A parish able to attract and retain high calibre leaders – both clergy and lay
Parish Council is also very conscious that to attract and retain high calibre leaders, capable of leading such a parish, St Paul’s must be able to provide amenity for the rector and rectory family family/families as well as the infrastructure to support fulfilling ministries for both clergy and lay leaders. Therefore, the provision of on-site amenity for the clergy and facilities to support parish leadership is a critical consideration. 

What are the current constraints?
The current church hall building is ageing and reflects spaces designed for the church of the 1960s and does not meet current needs and expectations of amenity. 

Due to accessibility and amenity issues with the Parish Hall, current congregations have only a small meeting room in which to gather which cannot accommodate the full cohort of regular attendees. There is little space for the burgeoning Children’s Choir, the parish choir, for study groups, for community focused discussion nor even to gather socially.
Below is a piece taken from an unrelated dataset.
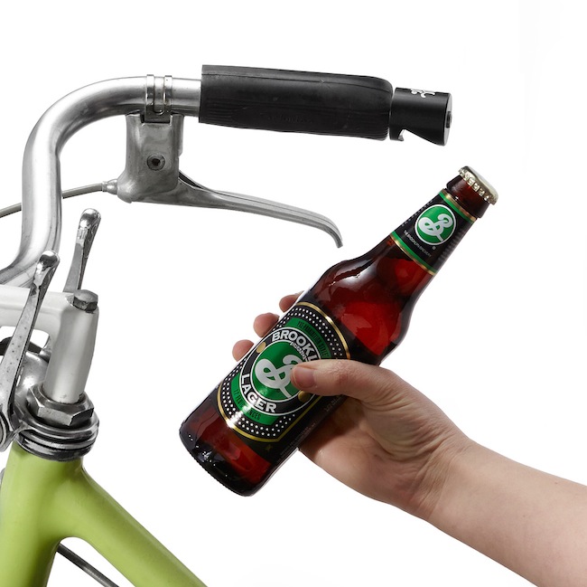 If you’ve got a bicycle and a penchant for craft beers then you, sir, are definitely in requirement of a Pub Nub. Devilishly simple in design and execution, the Pub Nub will append to the end of your bicycle handlebars to create an easy to use, hidden bottle opener that’s always there in a bind when you head out on the open road with your bike and beers in tow. Check out a couple of shots below:

When it rains, morning tea has to be cancelled. 

While during Covid the Parish has made the best of these constraints, they are now real barriers to growth in numbers but more importantly the growth in the sense of community and an active life of faith within the St Paul’s community.

Equally critical is that the hall itself is unattractive and does not signal strong stewardship nor care for the built environment. It is a poor witness – unable to provide welcome and hospitality to others. There is no specific space for children, youth groups or families, so attempting to grow a multigenerational church is nearly impossible.
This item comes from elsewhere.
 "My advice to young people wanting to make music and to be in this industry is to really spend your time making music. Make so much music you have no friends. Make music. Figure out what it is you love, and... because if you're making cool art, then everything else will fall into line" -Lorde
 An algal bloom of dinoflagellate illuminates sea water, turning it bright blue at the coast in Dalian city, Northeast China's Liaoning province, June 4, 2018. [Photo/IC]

What is the ethos of the site we are planning for?
Exploration of how the church, grounds and other buildings might be improved and redeveloped or adapted to provide for a vibrant and growing community of faith with a strong presence and capacity for hospitality and witness in its wider community is an important part of this vision-casting process. 

The site of St Paul’s Manuka needs to reflect a positive sense of the stewardship and care that the Parish exercises in the worship of God and the gathered life of the Christian community. It needs to be attractive, well-designed, cared for ­so that the site stands as a witness that we take seriously the work of faith with which we are engaged, that this is a place of care and welcome. The site needs to be a beacon that is able to attract and enable many to access not only the physical site but the sense of presence and faith that is lived out on the site. There needs to be a capacity to provide welcome and hospitality, and facilities that for people of all abilities and ages to access and feel at home on the site. 

Where to from here? 
Exploration of how the church, grounds and other buildings might be improved and redeveloped or adapted to provide for a vibrant and growing community of faith with a strong presence and capacity for hospitality and witness in its wider community is an important next step in the vision-casting process. This is all part of the establishing a vision for the future worshipping and common life of this Parish behind which we can all unite and strive for, and hold up to ourselves, the Diocese and our community as something that is worthy of fulfilment.   
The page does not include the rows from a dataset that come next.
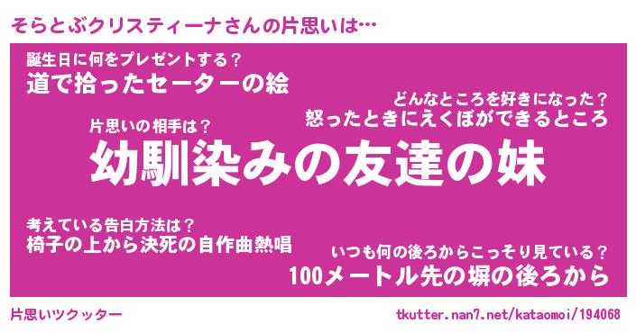 | 男性向けラノベタイトル風あだ名 | 『そらとぶクリスティーナの憂鬱』 |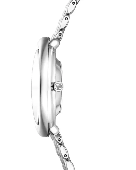 silver-tone dial stainless steel oval case shape Swarovski crystal embellished dial rose gold-tone dial features quartz movement metal bracelet buckle fastening This item comes with a standard one-year warranty from the boutique.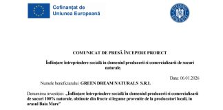 COMUNICAT DE PRESĂ ÎNCEPERE PROIECT Înființare întreprindere socială in domeniul producerii...

In order to ensure the fullest consultation of (to use a popular word in Canberra) stakeholders, Parish Council has decided to engage professional services of architects/urban planners to conduct a place-making audit and develop some planning concepts in order to assist with considerations for the church plant in this process of developing a vision for the future of the Parish. This is an exciting venture as together we explore our shared vocation as the Parish of Manuka. Parish Council has also established a sub-committee comprising Catherine Bohm, Greg Mills, Mary Pollard, Fiona Cochaud, Bruce Glendinning, Claudia Hyles and me to engage directly with the planners. While further information will be provided in due course once the formal process gets underway, there will be an opportunity to discuss the matters outlined above after our Zoom service on Sunday. In the meantime, I would ask that you commit this significant matter to your prayers.